Data excerpts
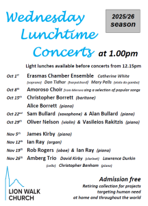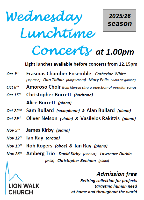 Concerts Our Lunchtime Concerts are on Wednesdays during October/November, February/March and May/June. A light lunch is available in the Church Hall from 12.15 pm Please click on the document to enlarge it.
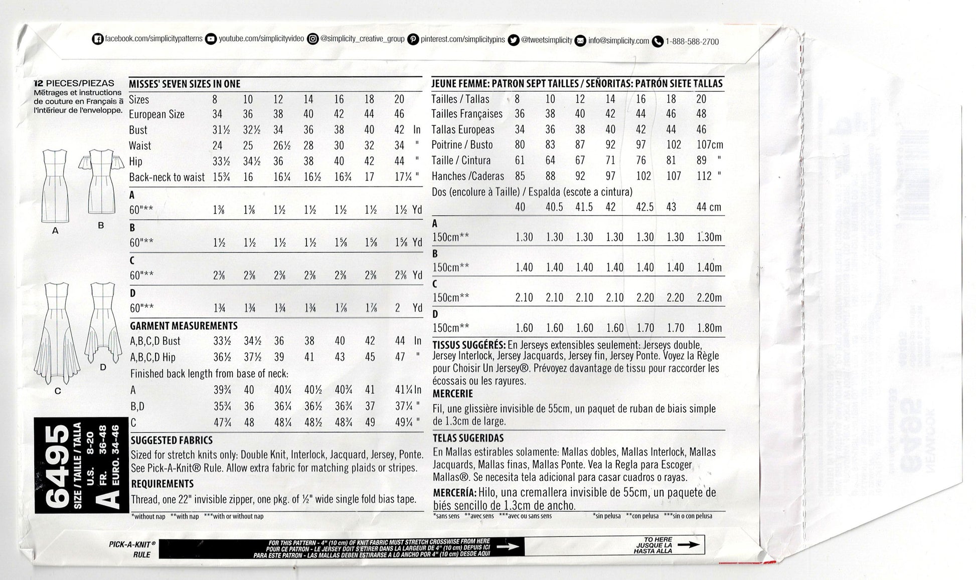 New Look 6495 Womens Knit Dress with Midriff Band & Skirt Godets Out Of Print Sewing Pattern Size 8 - 20 UNCUT Factory Folded
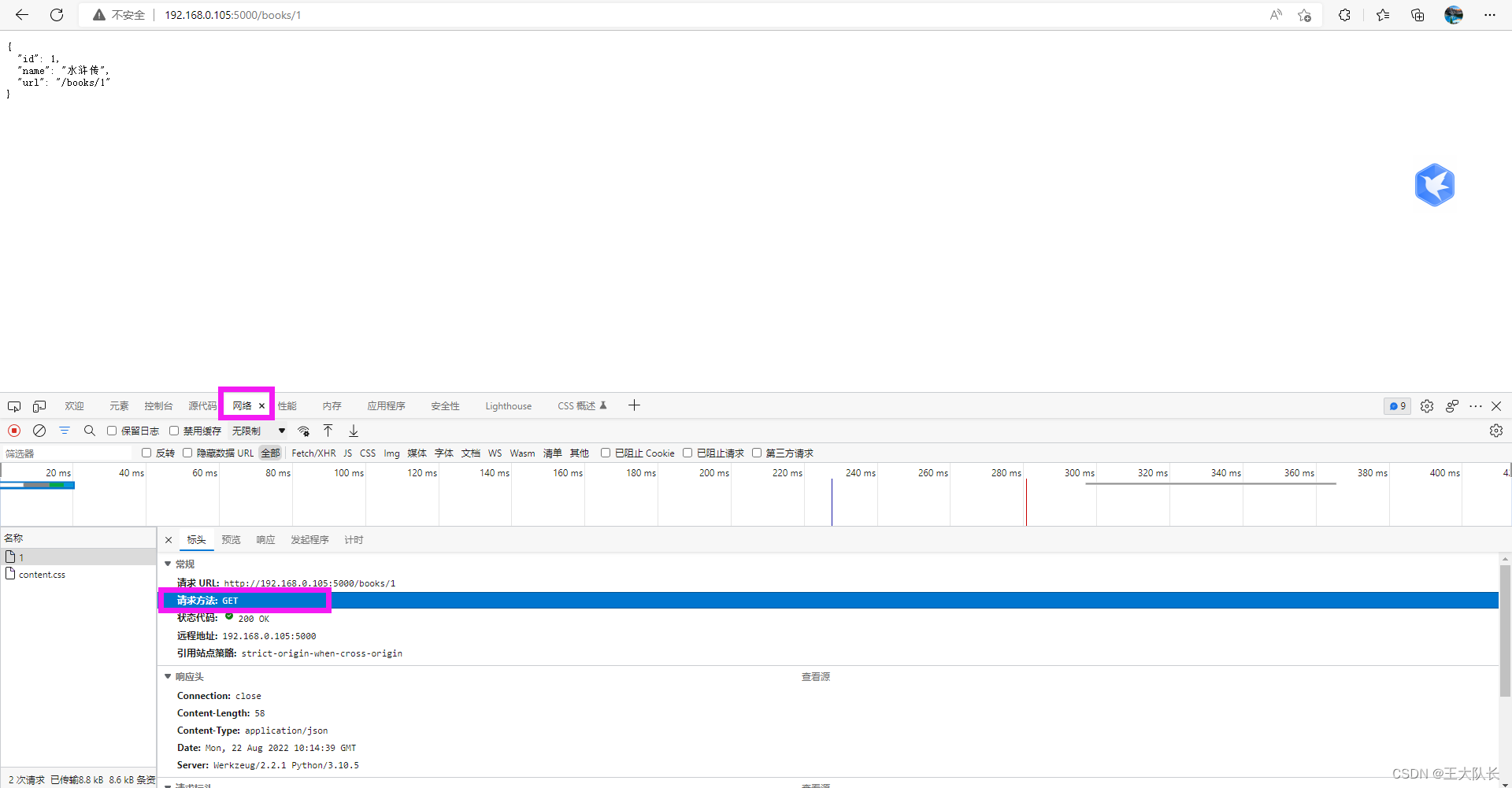 我们将methods参数赋值为['GET'],进入books/1界面,右键点击检查,点网络,再刷新下:
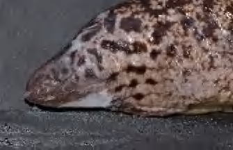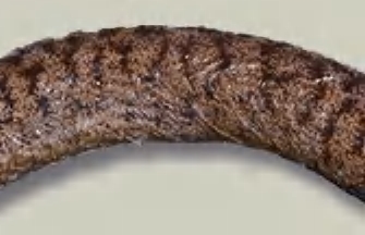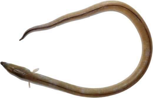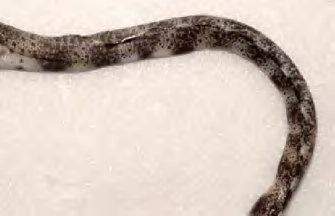 形态特征│ 体延长而呈圆柱状,尾部侧扁。吻短而钝;颌齿单列,颌间齿为2~3个可倒伏的尖牙。脊椎骨数125~128。幼鱼体暗褐色,略带红紫,成鱼体色由黄褐色至红褐色。皮肤光滑且具特色花纹,缺乏胸鳍腹鳍及鳞片。
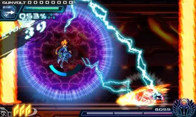 Gunvolt can take a lot of damage by brute-forcing his way through regular foes, but that strategy isn't as great during boss battles. These multicolored foes harness powers like blasting out fireballs, summoning insect hordes, and even cloning themselves. The one-on-one battles are intense and challenging, requiring careful memorization of attack patterns and quick reflexes. Gunvolt's limited special skills, like regaining health or stabbing enemies with huge electro-swords, help immensely during big battles. The majority of the bosses are reasonably difficult, but the encounters in the last few levels pack a powerful kick in the groin. I appreciated the no-nonsense final showdowns, but I found the sudden surge in deaths jarring. Some bosses drop alternate primary weapons, some of which fire nodes that travel up walls or pass through enemies. I liked tinkering with the new weapons, but didn't find anything more reliable than the rapid-firing gun you begin with.
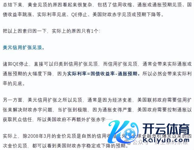 文中回来了夙昔20年中5次黄金价钱见顶的情况,终末得出的论断是:
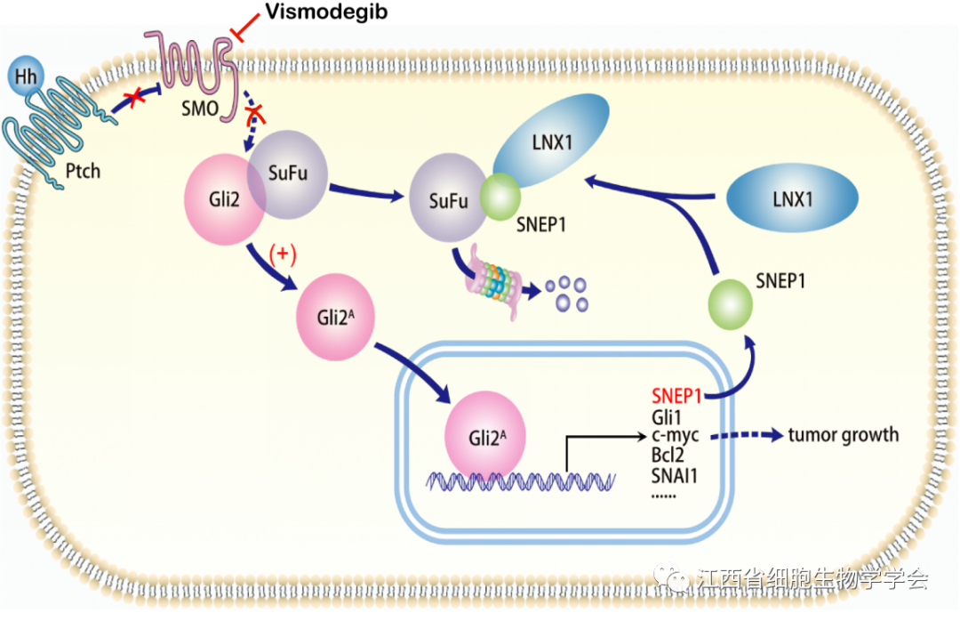该团队采用高通量测序筛选分析,发现SNEP1是Hh的新靶基因,该基因在结直肠癌组织中高表达,且表达水平与患者的生存呈负相关。研究发现,SNEP1能促进结直肠癌细胞的增殖,并通过裸鼠皮下移植瘤模型及转基因小鼠模型证实该基因能促进结直肠癌的生长;SNEP1通过促进负调控因子SuFu降解激活Hh信号通路,进而促进结直肠癌细胞增殖;分子机制研究揭示,SNEP1作为一个支架蛋白,促进E3泛素连接酶LNX1与SuFu相互作用,进而诱导SuFu蛋白降解,激活Hh信号通路。而这种下游的反馈激活机制,可以不依赖上游受体Smo,故而推测SNEP1可能导致结直肠癌对Smo临床靶向药物Vismodegib(GDC-0449)的耐药,并且通过细胞实验证实了这一推测。
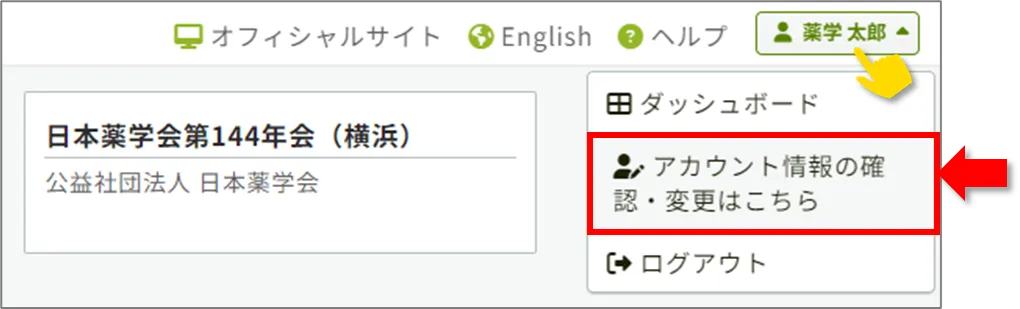 A:発表者情報はアカウント情報と連携しています.発表者名を変更いただく場合には,登録システムトップ画面右上の氏名ボタンから【アカウント情報の確認・変更はこちら】をクリックいただき,登録内容をご修正ください.アカウント情報を修正いただきましたら,演題画面にて発表者名も自動修正されていることをご確認ください.

→ Exercise description: Exactly as written, set down the lines from the line holding "该团队采用高通量测序筛选分析" to the last line of the data, both ends included, pictures excluded.

→ Solution:
该团队采用高通量测序筛选分析,发现SNEP1是Hh的新靶基因,该基因在结直肠癌组织中高表达,且表达水平与患者的生存呈负相关。研究发现,SNEP1能促进结直肠癌细胞的增殖,并通过裸鼠皮下移植瘤模型及转基因小鼠模型证实该基因能促进结直肠癌的生长;SNEP1通过促进负调控因子SuFu降解激活Hh信号通路,进而促进结直肠癌细胞增殖;分子机制研究揭示,SNEP1作为一个支架蛋白,促进E3泛素连接酶LNX1与SuFu相互作用,进而诱导SuFu蛋白降解,激活Hh信号通路。而这种下游的反馈激活机制,可以不依赖上游受体Smo,故而推测SNEP1可能导致结直肠癌对Smo临床靶向药物Vismodegib(GDC-0449)的耐药,并且通过细胞实验证实了这一推测。
 A:発表者情報はアカウント情報と連携しています.発表者名を変更いただく場合には,登録システムトップ画面右上の氏名ボタンから【アカウント情報の確認・変更はこちら】をクリックいただき,登録内容をご修正ください.アカウント情報を修正いただきましたら,演題画面にて発表者名も自動修正されていることをご確認ください.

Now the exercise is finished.